Schott perçoit cet album comme « une ode au mouvement, au corps, à l'eau, à l'urgence ; à la guérison des blessures du passé, au dépassement des blocages personnels et à un nouveau départ ». L'étincelle initiale de Libres antes del final est née d'une prise de conscience que Schott elle-même décrit peut-être le mieux :
En avril 2024, j'ai pris une décision qui m'a profondément marquée, une décision que j'avais longtemps repoussée : réapprendre à nager en mer, après 30 ans de phobie de l'eau. Je rêvais de retrouver cette sensation d'enfance, lorsque je nageais avec tant de liberté et d'assurance. Depuis mon installation à Barcelone en 2019, la vue de la Méditerranée accentue cette difficulté chaque année. Un spectacle aux Açores en mars 2024, mon 250e spectacle, a été un véritable déclic : entourée de ce cadre magnifique où l'on voit des dauphins régulièrement, j'ai compris que je devais arrêter de me trouver des excuses.
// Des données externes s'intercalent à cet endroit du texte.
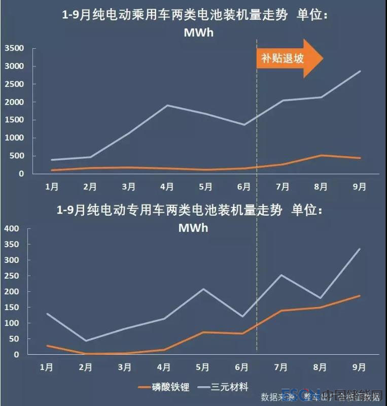 事實(shí)上,補(bǔ)貼退坡后三個(gè)月,磷酸鐵鋰電池裝機(jī)上漲勢頭強(qiáng)于三元鋰電池。
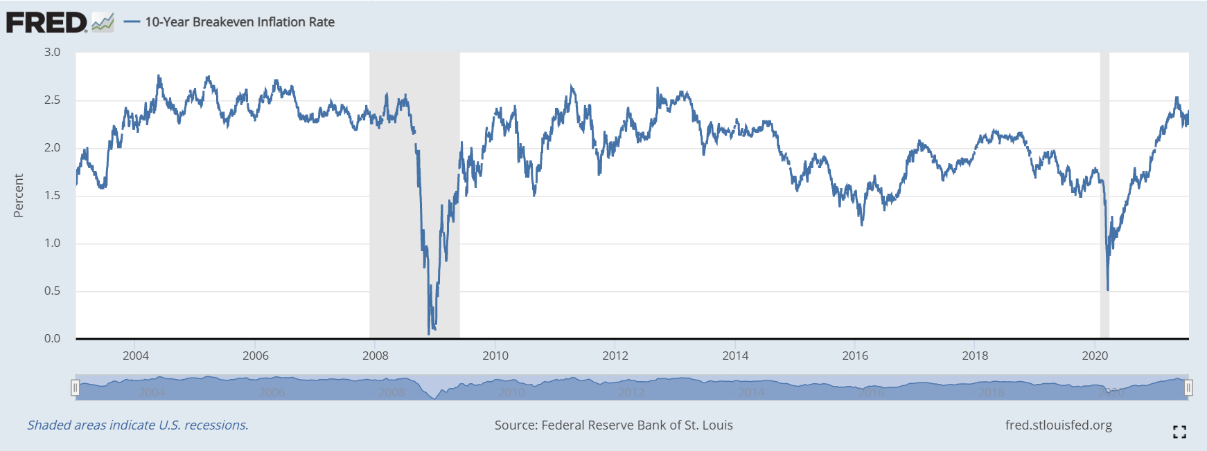 And the 10Y Breakeven tells a similar story, a peak of 2.52%.

Un mois plus tard, je contactais enfin un moniteur de natation en eau libre.
« J'ai fini par considérer cet apprentissage de la natation à l'âge adulte comme une puissante métaphore de ce que signifie apprendre à naviguer dans la vie au quotidien. Chaque étape franchie est une victoire personnelle, un jalon important, dans l'environnement instable de la mer, avec son inconfort et ses aléas. » des doutes sur vos capacités et la réalité de devoir faire face à vos propres limites. « J'ai été particulièrement frappée de constater qu'il m'a fallu beaucoup plus de temps pour commencer à nager à 5 cm de l'endroit où mes pieds touchaient encore le fond, que pour nager ensuite 250 mètres depuis le rivage. Cela pourrait-il signifier que tout dans la vie fonctionne ainsi, que le premier petit pas est vraiment le plus difficile à franchir ? »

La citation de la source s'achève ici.